I don’t if there is a special calculation for diffusion but I would just do this:
10 mins = 0.166 hr (10/60)
9.2m = 9200mm.
so 9200/0.166 = 55,200 mm/hr.
Anyone want to tell me im wrong. ➡ or right? 😆
- June 10, 2005 at 3:14 pm #24191mustangsallyParticipant
thanks. i didn’t understand about the multiply by 6. the other execises used the same equation as you. 😕 i have a very inquisitvie mind and can’t stand not knowing about something like this.

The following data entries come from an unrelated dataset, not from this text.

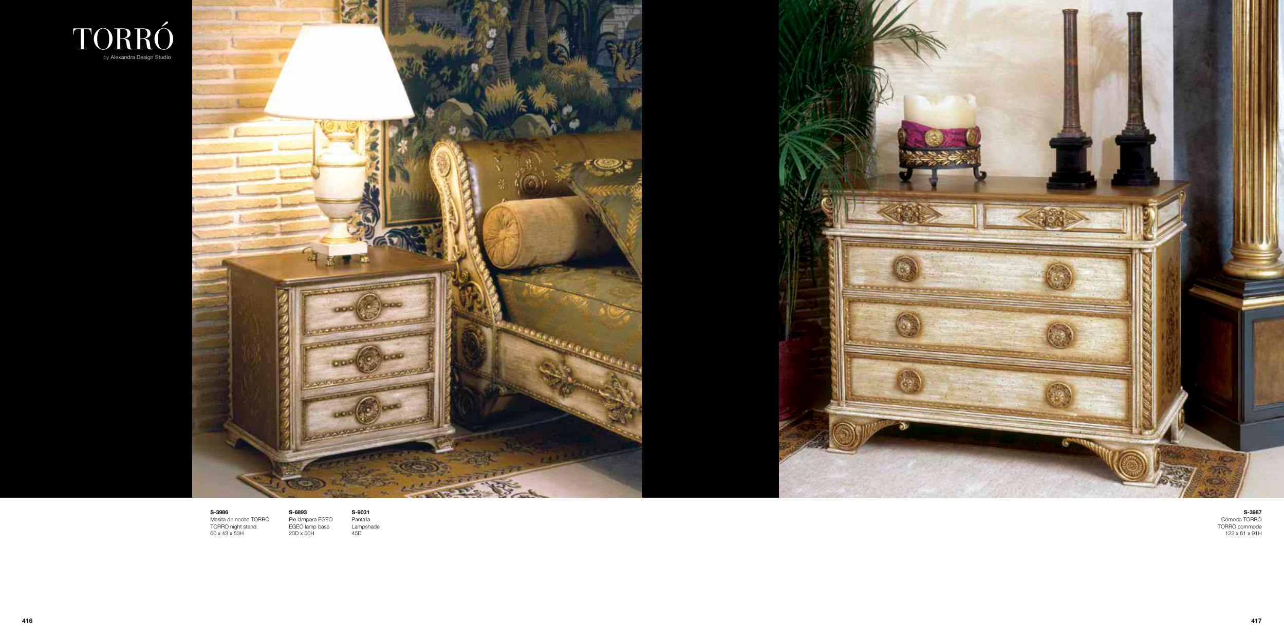 by Alexandra Design Studio TORRÓ S-3987 Cómoda TORRÓ TORRO commode 122 x 61 x 91H S-3986 Mesita de noche TORRÓ TORRO night stand 60 x 43 x 53H S-9031 Pantalla Lampshade 45D S-6893 Pie lámpara EGEO EGEO lamp base 20D x 50H 417 416
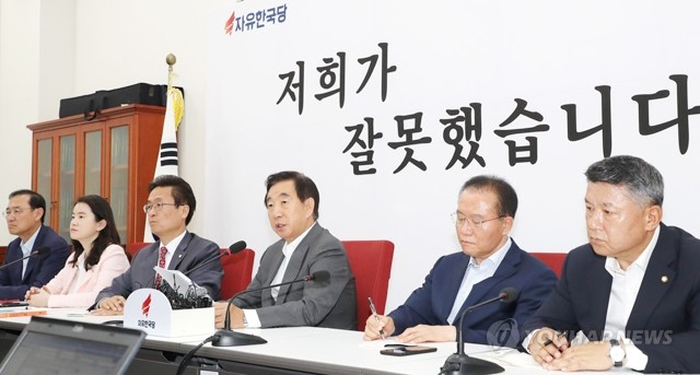 자유한국당 김성태 당대표 권한대행(가운데)이 18일 오전 국회에서 현안 관련 기자회견을 열고 발언하고 있다.
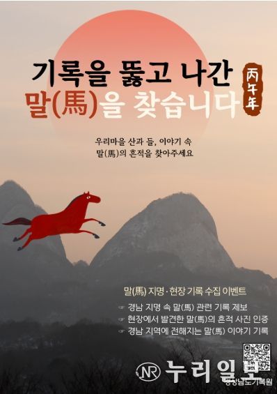 (누리일보) 경상남도기록원은 2026년 붉은 말(馬)의 해를 맞아 도민이 일상 속에서 발견한 말(馬) 관련 지명과 지역의 흔적, 개인의 기억을 기록으로 남기는 도민 참여형 기록 이벤트'기록을 뚫고 나간 말을 찾습니다'를 추진한다고 밝혔다.
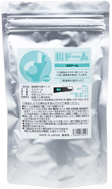 ヴァギナやアナルの愛撫に!薄くてフィット感に優れた指装着型コンドーム(200個入)。ローションを塗布した使い捨てタイプ!指にはめることで爪に雑菌が入るのを防ぎ、傷つきやすい粘膜を保護できる日本製のフィンガーコンドームです。ナチュラルカラーの天然ゴムラテックス製!厚みがないため、感触を損なうことなく衛生的なプレイができます。

- June 10, 2005 at 3:28 pm #24197canalonParticipant
Easy but the explanation is bad. In fact what you are supposed to do is
1/(9200*6) and you get the good result. Why simply because you are in fact calculating:
(1/6)*(1/9200)
The first part of the equation is the conversion of time into hours 10 minutes= 1/6 of an hourOr multiply the time by 6, convert minutes in hour (yeah I know: 1 hour) and divide this by the distance multiplied by 6.
Chris4 Explanation is probably better, but those completely stupid explanations fits with your text…
HTH
Patrick
- June 10, 2005 at 3:57 pm #24204Chris4Participant
Glad i was pretty much on the right track. Soz about my rubbish explanations and text, i did rush through that.